Wildflower Wednesday: Sneezeweed

Gail of clay and limestone hosts "Wildflower Wednesday" each month. I am happy to participate again this month.

I'm featuring a wildflower with a somewhat unfortunate name. It is a name which refers to one of the traditional uses of the plant. The dried and powdered leaves and flower heads will cause sneezing if sniffed and they were formerly used in the treatment of colds and congestion. An infusion of the leaves was also reportedly used by some Native Americans as a laxative. So, altogether, a fairly useful plant.

I don't use it for any of those purposes. This member of the aster family produces a plethora of pretty yellow ray flowers with dark brown disks. Moreover, the plants have an extremely long bloom period, beginning in April and lasting through much of the summer. I like them because they are pretty to look at.

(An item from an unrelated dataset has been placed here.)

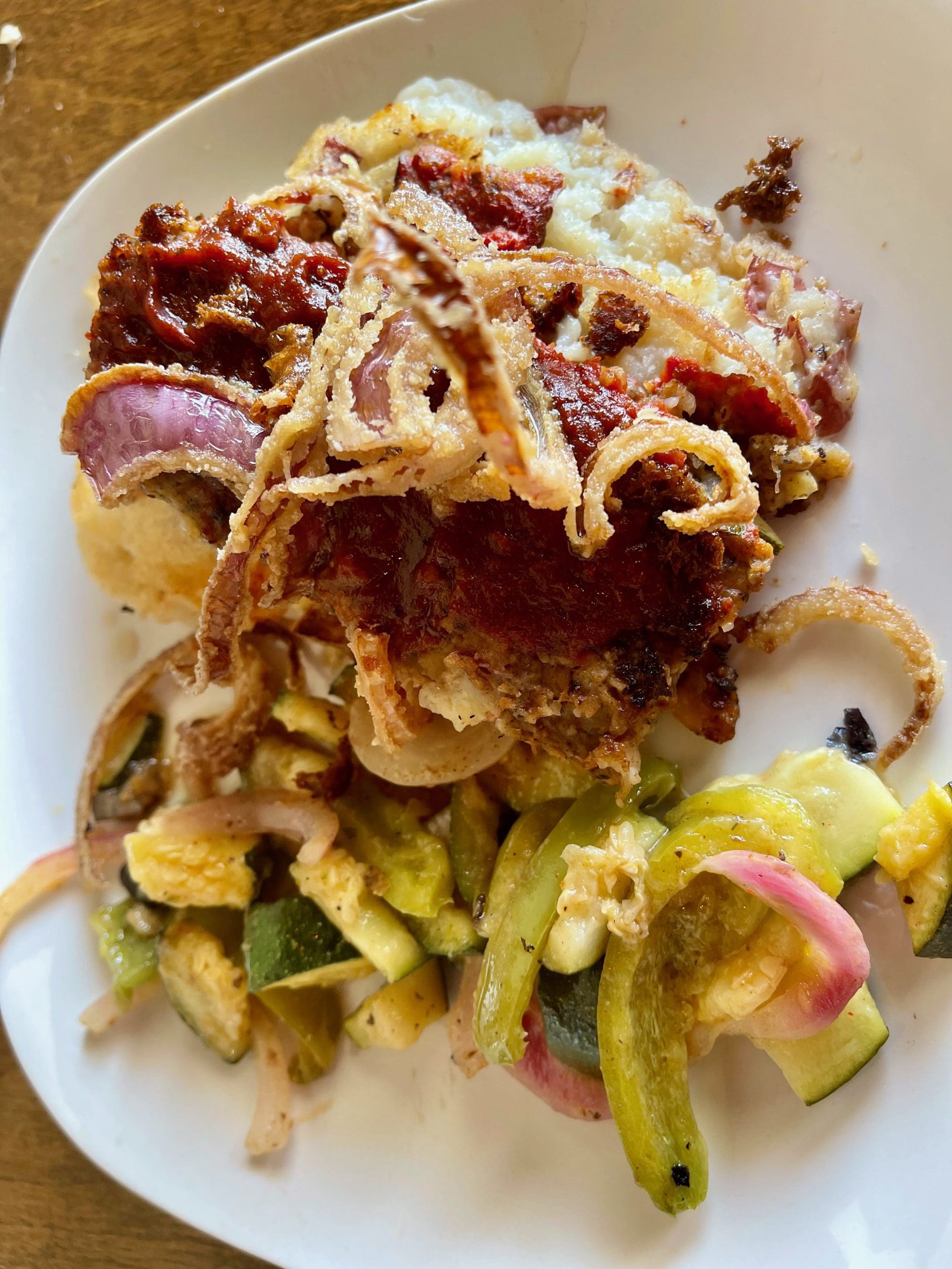 22 July 2022: When Food Network glitterati Guy Fieri visited The Acre, he was “blown away” by the umami and flavor of the meat(less) loaf (signature chickpea portabello loaf, house made bbq sauce, onion strings, mashed potatoes, sauteed seasonal vegetables “It’s really good,” Fieri declared. I can second the mayor of Flavortown’s opinion. It’s really good! Again, it doesn’t exactly taste like a traditional meatloaf, but it has the same properties that make meatloaf a comfort food favorite. It also doesn’t have any of the brick-like density of some meatloaf and none of the dryness of meatloaf that’s been in the oven too long. This is a delicious and moist slab of palate-pleasing meatloaf you don’t have to be vegetarian to enjoy. Only a hearty dredge of gravy was missing; surely there’s a vegetarian gravy somewhere out there.
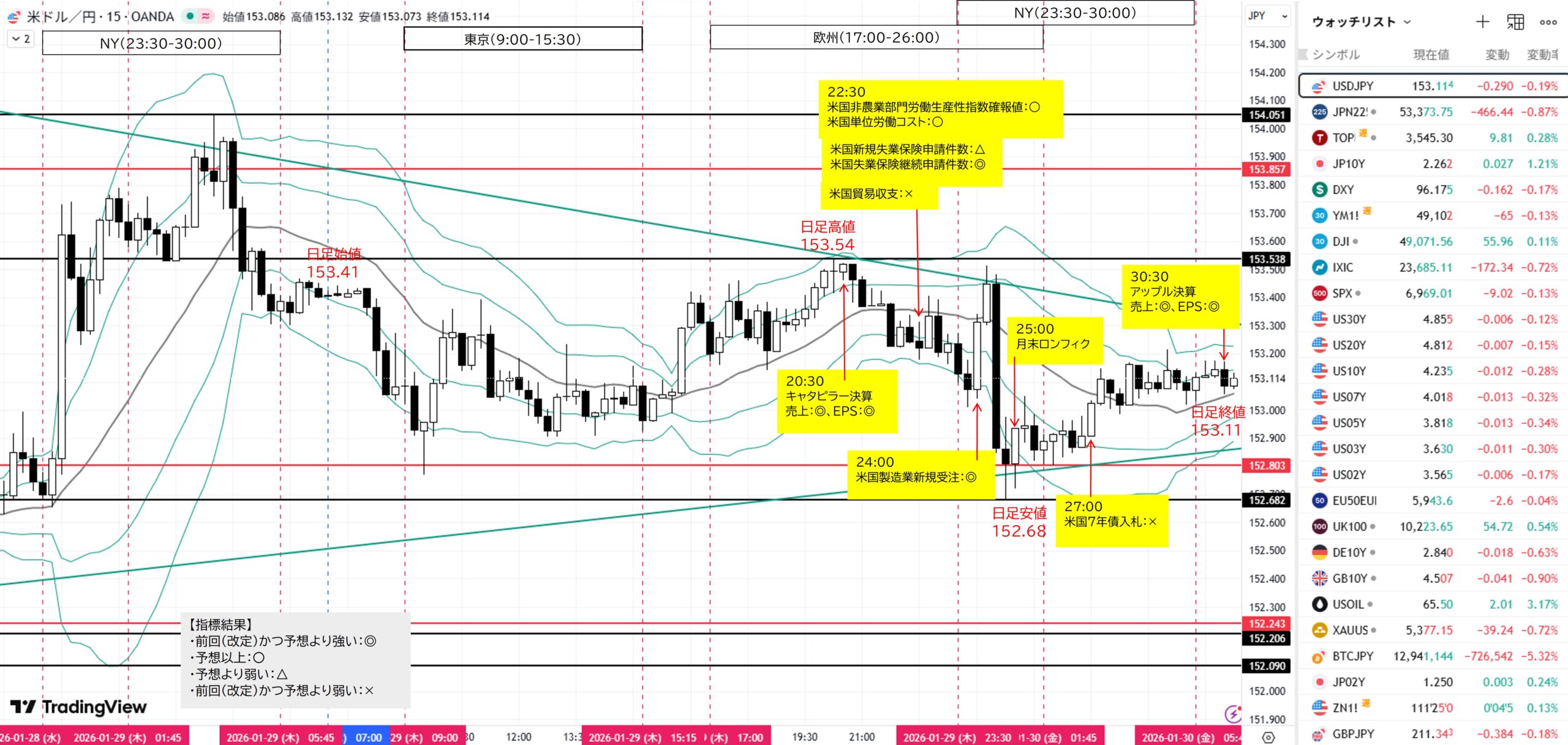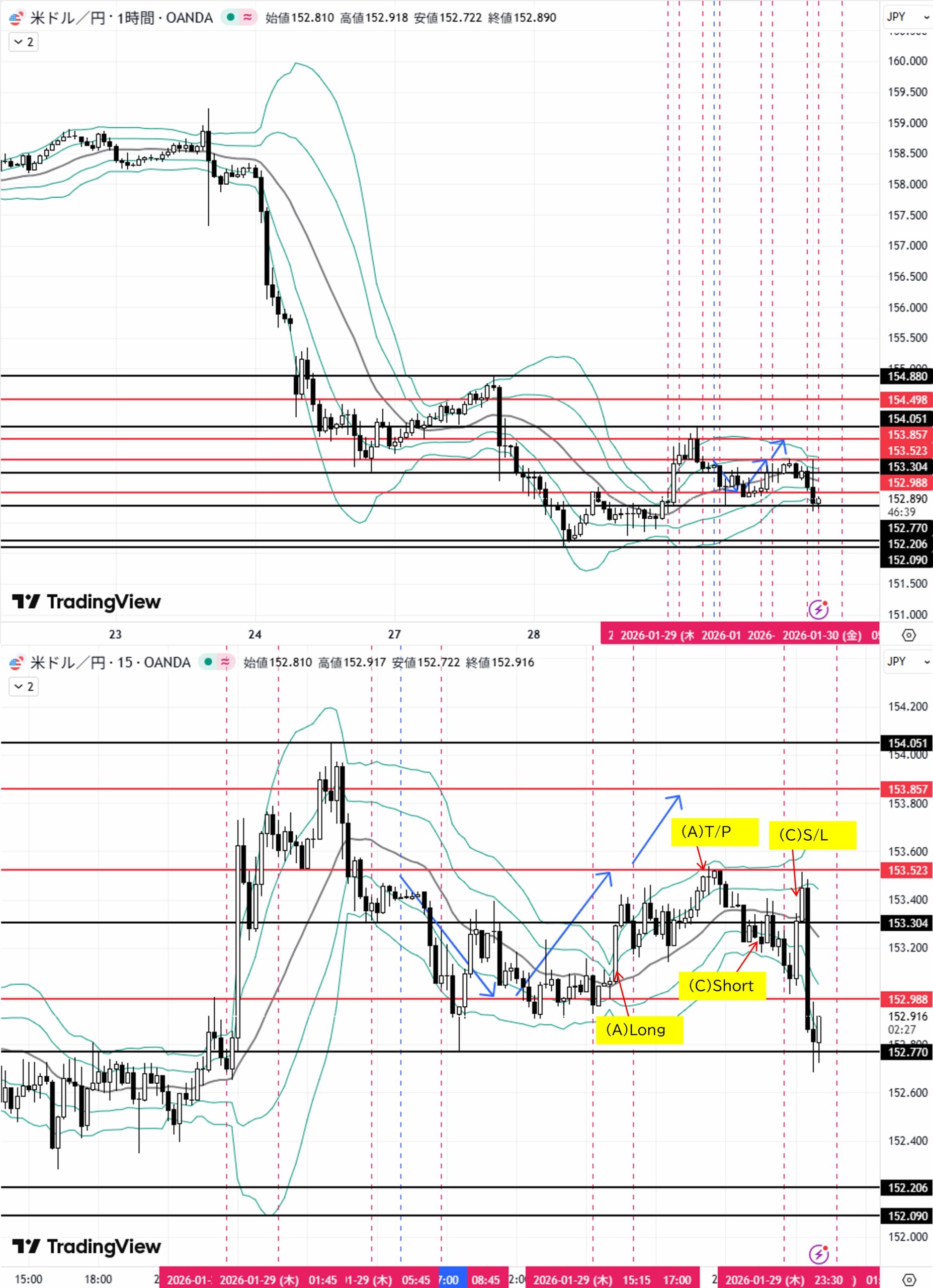 (B) (A)後、1H足押し安値153.523をダウ上昇→目標1H足ダウ高値153.857

My plants have just begun to bloom but soon they will be covered in blossoms.

Just like this plant that I photographed last summer.

I got my start of sneezeweed in a mixed seed packet that I bought at Lady Bird Johnson Wildflower Center in Austin a few years ago. It reseeds itself around my garden each year.


  1. We have some of those flowers in front of the house.

    1. Good for you! It's always best to use native plants when we can.

  2. Now that is a very unique flower....love how the native peoples used our native plants for so much!

    1. They were certainly experts at utilizing what was available to them.